The chemical reaction database

NNNS Chemistry blog

Prevous: More organocatalytic Suzukies

Next: New in Grignards

On ORD and CRD

07 November 2021 - Open data

New initiative from the field of chemistry data curation and much needed: a novel schema for describing organic reaction data as highlighted in JACS (Kearnes, Coley et al. DOI). If universally adopted, a lot of difficulties with exchange of reaction data are a thing of the past. And with the people behind the initiative hailing from industry (Pfizer, Merck among them) ,academia (MIT) and the tech bro's (Google), wide adoption of the schema is not unthinkable.

This initiative is not just a set of rules defining the schema. There is also a database which is called the Open Reaction Database (ORD) which has my interest because I am running a similar sounding Chemical Reaction Database (CRD).

ORD is open to contributions through a web app located at editor.open-reaction-database.org. This app is basically a long input form with inputs and outcomes and each input having a reaction role, an amount and an identifier and so on. The amount of details is large! The Youtube tutorial explaining just the form runs for an hour. You can add chemicals vendors, addition speeds, flow rates, vessel details, stirring rates and more.

I am surprised by some of the mandatory fields. Reactant amounts are mandatory but not always known. Another mandatory field is 'limiting reagent yes/no' but the answer to this question can be calculated from the reactant amounts. The number of roles for a compound is very limited, just 8. Compounds with ligand roles or base roles all have to be added as reagent.

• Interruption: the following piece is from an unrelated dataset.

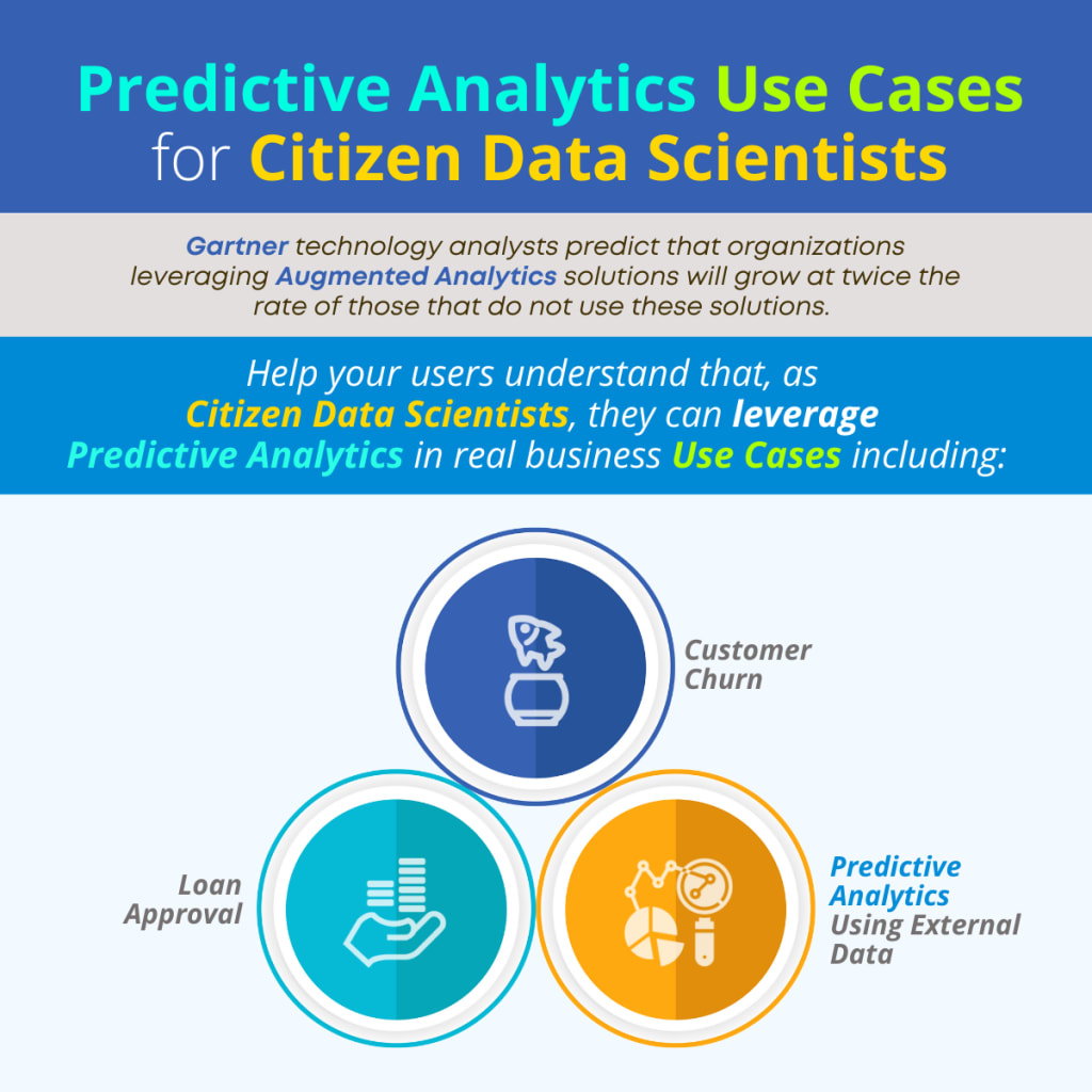 These are just a few of the ways in which a Citizen Data Scientist can use augmented analytics and predictive analytics on a day-to-day basis to test the accuracy of existing policies and decisions and to adapt quickly to the market and competition. You can explore more business use cases for a variety of business functions and industries here: Predictive Analytics Use Cases for Citizen Data Scientists.

As a field test CRD file 1785479 was entered as ORD file ord-ef44929c4e76463483e6d5d1ada3fcf2. But what do you get for your trouble? Well, at least a reaction.pbtxt export file. And that requires some explaining. An output file based on XML or JSON was expected (the USPTO dataset for example is a collection of XML files) but ORD is based on so-called Protocol Buffers. This data-serialization format is binary (.pb) invented by Google as early as 2001 with a remote soap smell. The ORD datasets can be found at Github (https://github.com/open-reaction-database/ord-data) which is great news (open access) but only available as binary files which requires specialized software to make them human-readable. The .pbtxt file format appears to be a trade-off.
This is problematic. For example in publishing research articles, an ideal-world scenario would have done away with the supplementary information as we know it (freestyle prose) and replaced by synthetic procedures locked in an agreed upon data format. If you choose XML it is both human- readable and machine-readable. A protocol buffer it seems is only machine-readable. And the Open Chemical Database itself? Does it have a web presence and is it searchable? Move to client.open-reaction-database.org and (sub)search for reactions by reagent, reaction or dataset.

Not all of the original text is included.